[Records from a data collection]
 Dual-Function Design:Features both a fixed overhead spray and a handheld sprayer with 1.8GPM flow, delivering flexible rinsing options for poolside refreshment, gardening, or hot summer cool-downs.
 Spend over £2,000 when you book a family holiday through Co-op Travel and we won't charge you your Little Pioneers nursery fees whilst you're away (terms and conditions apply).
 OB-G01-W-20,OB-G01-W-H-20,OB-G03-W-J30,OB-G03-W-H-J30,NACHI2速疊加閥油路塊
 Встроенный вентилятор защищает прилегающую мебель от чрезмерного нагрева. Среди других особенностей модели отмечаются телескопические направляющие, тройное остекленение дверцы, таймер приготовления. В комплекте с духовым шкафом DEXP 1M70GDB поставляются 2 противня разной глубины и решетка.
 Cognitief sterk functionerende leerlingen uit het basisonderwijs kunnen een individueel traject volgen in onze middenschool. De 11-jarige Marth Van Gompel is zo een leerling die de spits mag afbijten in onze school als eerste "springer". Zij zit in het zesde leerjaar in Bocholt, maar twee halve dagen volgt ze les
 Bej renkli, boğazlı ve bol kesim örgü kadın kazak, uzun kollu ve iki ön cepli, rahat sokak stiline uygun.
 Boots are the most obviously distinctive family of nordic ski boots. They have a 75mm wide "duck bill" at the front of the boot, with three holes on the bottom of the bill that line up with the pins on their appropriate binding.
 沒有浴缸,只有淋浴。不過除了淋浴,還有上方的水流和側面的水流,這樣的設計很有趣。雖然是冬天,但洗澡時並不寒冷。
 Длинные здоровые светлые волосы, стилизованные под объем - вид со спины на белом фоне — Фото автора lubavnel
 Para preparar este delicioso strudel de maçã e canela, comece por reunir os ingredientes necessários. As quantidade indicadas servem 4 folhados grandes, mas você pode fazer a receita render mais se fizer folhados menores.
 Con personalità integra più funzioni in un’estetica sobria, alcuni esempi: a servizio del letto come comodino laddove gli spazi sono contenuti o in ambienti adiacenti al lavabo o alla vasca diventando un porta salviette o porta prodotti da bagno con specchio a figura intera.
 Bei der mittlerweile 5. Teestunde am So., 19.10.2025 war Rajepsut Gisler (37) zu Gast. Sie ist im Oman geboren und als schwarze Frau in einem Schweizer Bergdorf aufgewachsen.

Work to be completed:
Reproduce exactly the section above that begins at the line containing "Bej renkli, boğazlı" and ends at the line containing "Длинные здоровые светлые", leaving out all other lines.

Solution for this exercise:
 Bej renkli, boğazlı ve bol kesim örgü kadın kazak, uzun kollu ve iki ön cepli, rahat sokak stiline uygun.
 Boots are the most obviously distinctive family of nordic ski boots. They have a 75mm wide "duck bill" at the front of the boot, with three holes on the bottom of the bill that line up with the pins on their appropriate binding.
 沒有浴缸,只有淋浴。不過除了淋浴,還有上方的水流和側面的水流,這樣的設計很有趣。雖然是冬天,但洗澡時並不寒冷。
 Длинные здоровые светлые волосы, стилизованные под объем - вид со спины на белом фоне — Фото автора lubavnel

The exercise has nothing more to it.